K 15 accidentally sank when moored alongside the light cruiser Canterbury in Portsmouth Harbour on 25 June, 1921. On 29 August, 1921, Rear-Admiral (S) informed Bradshaw that he would not be placed in command of a submarine again, owing to sloppy standards of attention and supervision found aboard the submarine by the ensuing Court Martial. Not wishing to retired, Bradshaw underwent training in the Anti-Gas School later in the year before going onto half pay.[11]

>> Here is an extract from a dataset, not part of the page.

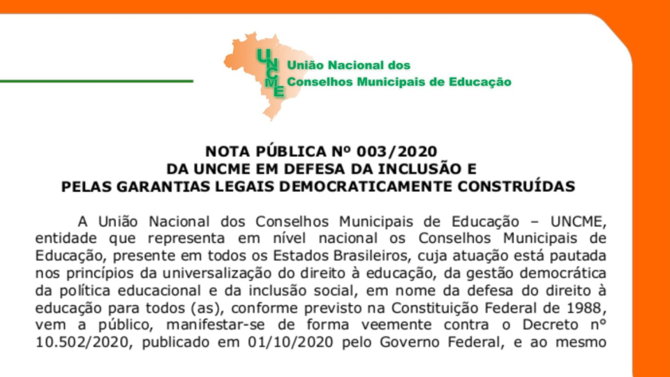 A União Nacional dos Conselhos Municipais de Educação – UNCME, entidade que representa em nível nacional os Conselhos Municipais de Educação, presente em todos os Estados Brasileiros, cuja atuação está pautada nos princípios da universalização do direito à educação, da gestão democrática da política educacional e da inclusão social, em nome da defesa do direito à educação para todos (as), conforme previsto na Constituição Federal de 1988, vem a público, manifestar-se de forma veemente contra o Decreto n° 10.502/2020, publicado em 01/10/2020 pelo Governo Federal, e ao mesmo tempo, orientar os Conselhos Municipais de Educação do Brasil, que como órgãos de Estado, devem estar atentos e atuantes na defesa de que todas as crianças, adolescentes e adultos tenham o direito de conviver em sociedade em igualdade de condições, considerando que o papel fundamental da escola é incluir e contribuir com formação dos cidadãos para que compreendam as diferenças e respeitem as singularidades humanas.

Bradshaw was placed on the Retired List at his own request on 1 June, 1922 and was subsequently promoted to the rank of Commander on the Retired List on 6 December, 1927.[12]

World War II

Bradshaw indeed saw service despite ill health. TODO: work on this

Reverted to Retired List on 24 August, 1946.

See Also

Naval Appointments
Preceded by
Thomas Kerr
Captain of H.M.S. A 9
28 Feb, 1913[13]
Succeeded by
George S. Walsh
Preceded by
Philip E. Phillips
Captain of H.M.S. C 7
20 Feb, 1914[14]
Succeeded by
Arthur W. Forbes
Preceded by
?
Captain of H.M.S. G 13
before 10 Mar, 1917[15]
Succeeded by
Humphrey G. Veale
Preceded by
Richard D. Sandford
Captain of H.M.S. G 11
? – 22 Nov, 1918[16]
Succeeded by
Vessel Lost

Footnotes

  1. Bradshaw Service Record. The National Archives. ADM 196/51/201. f. 213.
  2. Bradshaw Service Record. The National Archives. ADM 196/51/201. f. 213.
  3. Bradshaw Service Record. The National Archives. ADM 196/51/201. f. 213.
  4. The Navy List. (January, 1915). p. 102.
  5. The Navy List. (July, 1913). p. 343.
  6. The Navy List. (June, 1914). p. 289.
  7. The Technical History and Index, Vol. 1, Part 1. p. 13.
  8. Bradshaw Service Record. The National Archives. ADM 196/51/201. f. 213.
  9. The Navy List. (October, 1918). p. 65.
  10. Bradshaw Service Record. The National Archives. ADM 196/51/201. f. 213.
  11. Bradshaw Service Record. The National Archives. ADM 196/51/201. f. 213.
  12. Bradshaw Service Record. The National Archives. ADM 196/51/201. f. 213.
  13. The Navy List. (July, 1913). p. 343.
  14. The Navy List. (January, 1915). p. 285.
  15. The Technical History and Index, Vol. 1, Part 1. p. 13.
  16. Hepper. British Warship Losses in the Ironclad Era: 1860-1919. p. 146.